What is a Two-Factor-Authentication and why is it so important?

When the first impact of Covid-19 hit us, we moved our worksite to the home offices as fast as possible to ensure that all employees are well protected. At this time (as if we knew it), we have just finished our project of moving all our company related data to the cloud (in our case the Google Cloud). Since all the important documents were stored online from that time on, we have decided to introduce the Two-Factor-Authentication to make sure that all data is well protected. Because all colleagues are equipped with a notebook and have access to all the work-related data, moving to the home offices wasn’t a big deal for us at this point.

What is a Two-Factor-Authentication?

Two-Factor-Authentication adds an additional layer of security to the authentication process (in most of cases just a single password). For example, this could be a SMS, a digital security key (like the YubiKey) or a push notification from an app on your mobile phone which has to be confirmed.

Why is the Two-Factor-Authentication so important?

As we all know protecting systems only by a password is not the securest way nowadays. Often users assign passwords which are too short, easy to be guessed or they have used multiple times before. This means if a password has been cracked (which sometimes only take a couple of seconds) or gets leaked, the attacker has full access to all information and data. In this case no anti-virus system or firewall will stop the attacker. Not only the user can be harmed, but also other people with whom the user is in a relationship. The attacker could try to leak or crack other passwords by sending mails on behalf of the victim, the whole network infrastructure could get exploited to spread malware for example or confidential documents could get stolen. The list of evil deeds is quite endless. Like I already mentioned before, with the multiple factor authentication you add an extra layer of security to protect yourself and others from all the worst-case scenarios mentioned above.
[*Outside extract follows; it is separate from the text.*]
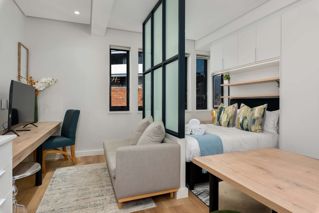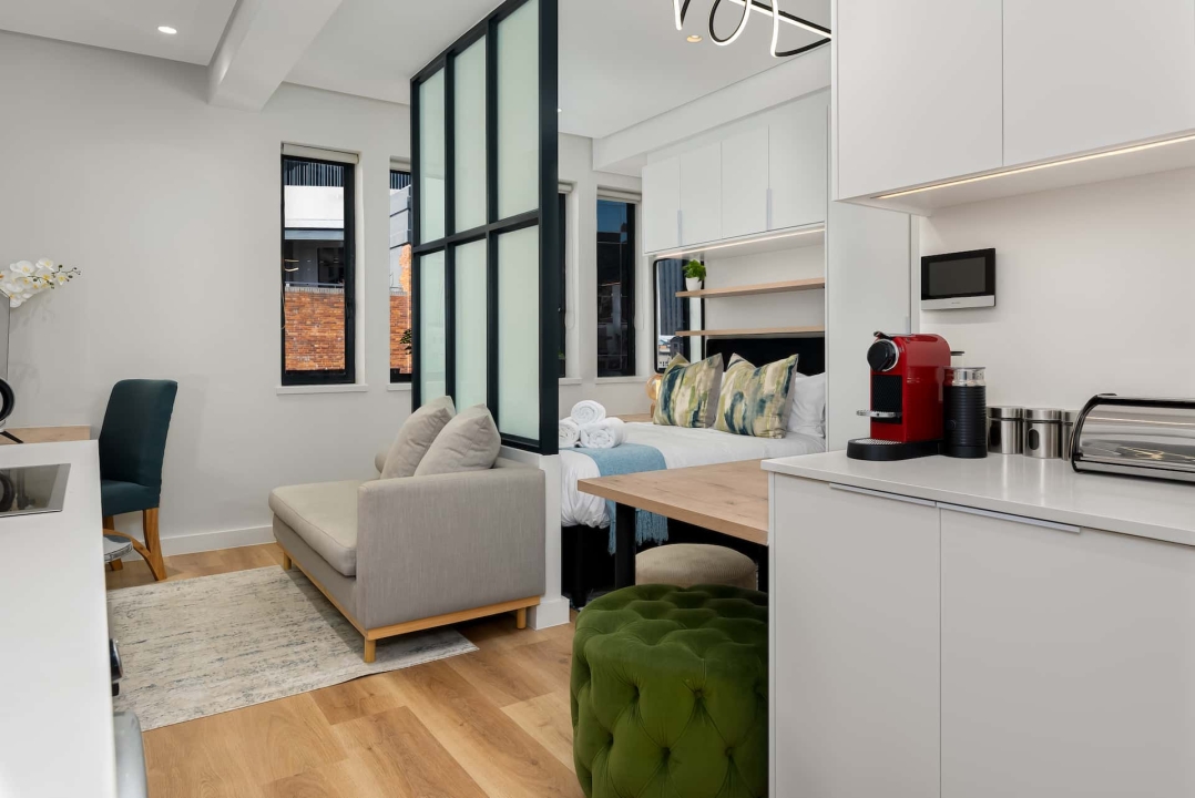 - Serviced studio and one-bedroom apartments

Some examples of how to use the Two-Factor-Authentication:

As mentioned above, there a different ways to use the Two-Factor-Authentication. In this last part of my article I will give you some examples of methods which are common in use today.

SMS:

In this case you just have to store (and validate) a phone number the services account. After you did this, a SMS will be send to you after your first level authentication (commonly a password) was validated. This SMS mostly contains a short numeric code, which you have to enter on the services login page. Some services also offer the opportunity to contact you via voice call. In this case a computer will read the numeric code. In most of the cases this service is free and no extra costs will be charged.
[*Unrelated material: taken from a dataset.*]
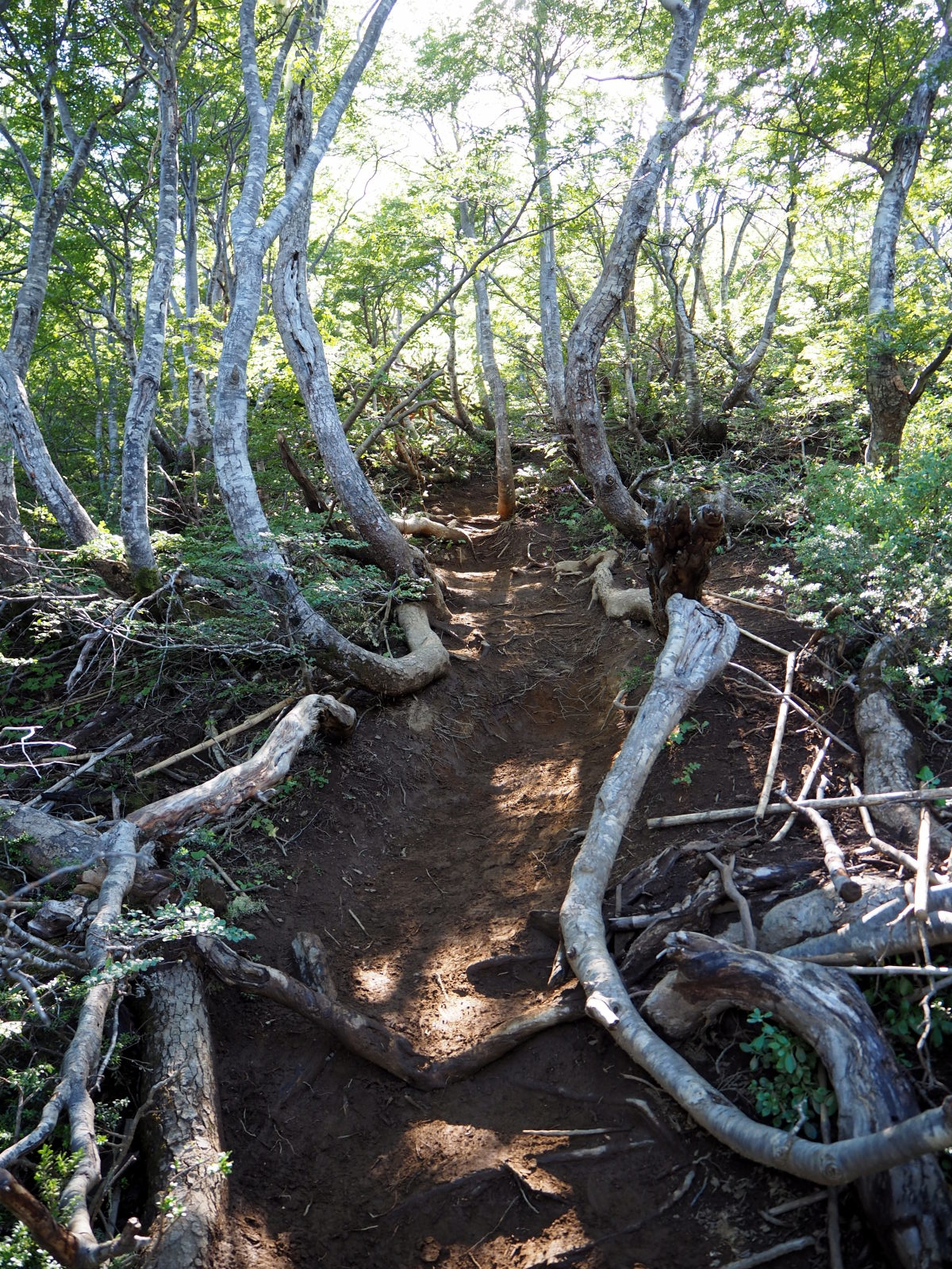 La famille, très gentille, nous dépose avant notre destination, mais elle nous a déjà bien avancé sur le chemin pentu ! L’ascension continue avant d’arriver à du plat et de jolies clairières. Il n’y a aucun panneau de signalisation… En arrivant à une pâte d’oie, nous décidons de prendre la route à droite plutôt que le chemin à gauche. Mais après 10 minutes nous tombons sur une barrière fermée…

Pay attention: If you use your smartphone or any other device which uses some kind of on-screen notification, make sure to set the SMS text invisible in advance. The same applies for phone calls — make sure you have to unlock the device first.

Digital security keys:

Digital security keys work a bit different but are also used verry common and versatile. A device, which often is used is called YubiKey. There are a lot of different types on the marked. Some devices can only be used via USB, some of them have a NFC (near field communication) interface integrated and others a fingerprint sensor. These keys can not only be used with computers but also with mobile phones or tablets for example. Some of the digital security keys need an extra software or app to work (always depends on how and for what you like to use them) but some of them also work without any installation and are integrated in the big players services and software (Google, Microsoft, etc.) already. After your first level authentication, the service or software is looking for your YubiKey on your device. When the device was found, you will get logged in. In some cases the YubiKey asks for a registered fingerprint or NFC chip card which could be a third factor of an authentication for example.

Apps:

Another way to use the Two-Factor-Authentication could be an app (from Google or Microsoft for example) which is running on your smartphone or tablet. After you’ve installed and paired the app with the service or software, you will get a short notification, which has to be confirmed after your first level authentication.

These are just some examples of how the Two-Factor-Authentication works but there are plenty of other “tools” on the market. Feel free to share your personal experience with the methods I mentioned above or let us know which way of adding a second layer of security to your services you have chosen.